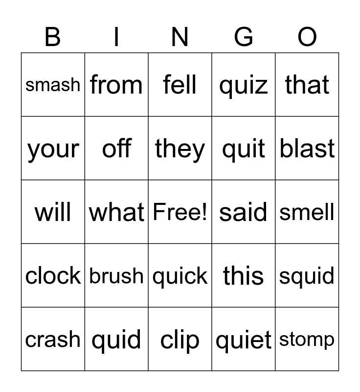 This bingo card has a free space and 24 words: brush, quid, they, crash, that, smash, your, from, said, quick, quit, will, this, squid, off, quiet, smell, fell, blast, what, stomp, clock, quiz and clip.
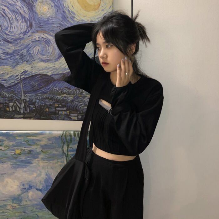 ショートブラックブラウス トップス オータムセーター ロング 秋物 kumikum92447989882
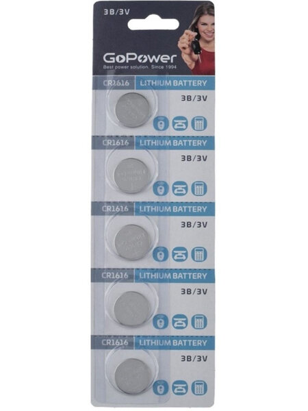 Батарейка GoPower 00-00023144 BL5 Lithium 3V (5/100/2000) CR1616
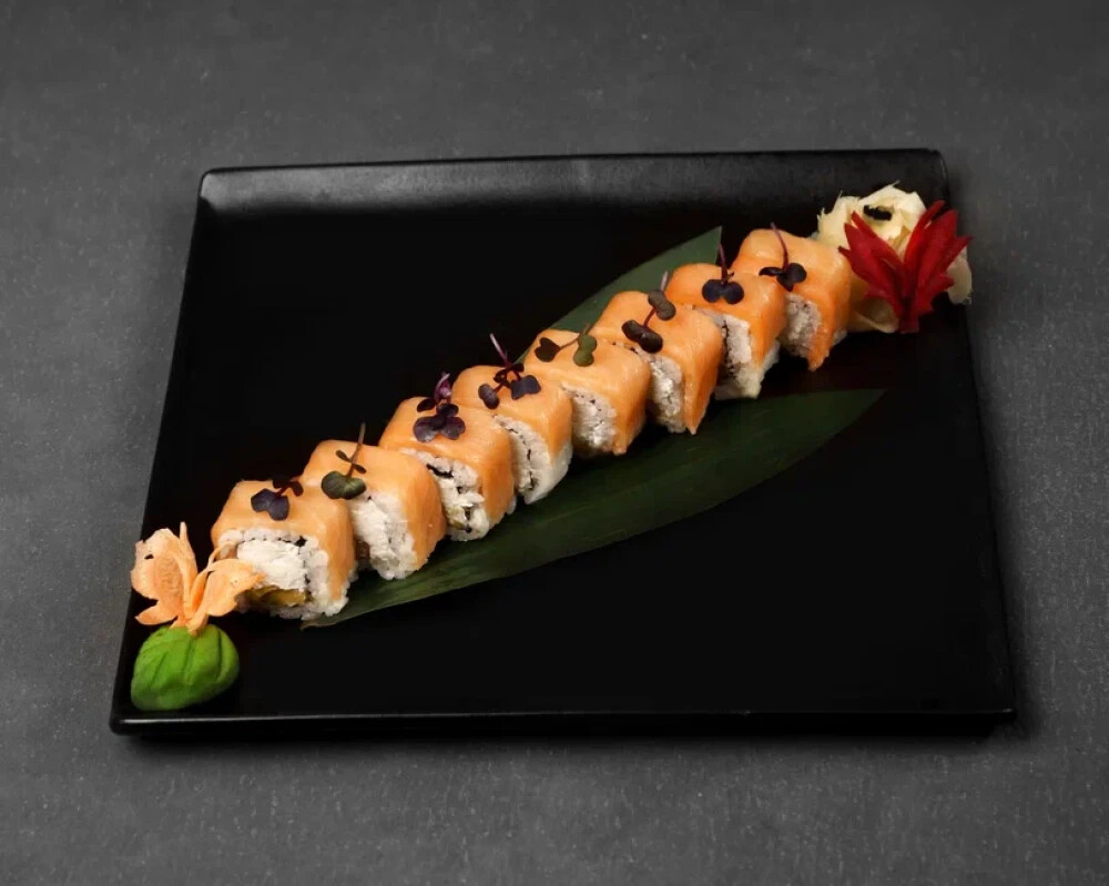 Нори, рис японский, сыр творожный, авокадо, лосось
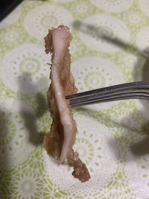 但吃的時候,感覺炸衣像浸滿油的海綿,咬下去冒出油汁。
-*-*-
### What you are asked to do
Omit every picture while printing the data word for word.

### Solution for this problem
 This bingo card has a free space and 24 words: brush, quid, they, crash, that, smash, your, from, said, quick, quit, will, this, squid, off, quiet, smell, fell, blast, what, stomp, clock, quiz and clip.
 ショートブラックブラウス トップス オータムセーター ロング 秋物 kumikum92447989882
 Батарейка GoPower 00-00023144 BL5 Lithium 3V (5/100/2000) CR1616
 Нори, рис японский, сыр творожный, авокадо, лосось
 但吃的時候,感覺炸衣像浸滿油的海綿,咬下去冒出油汁。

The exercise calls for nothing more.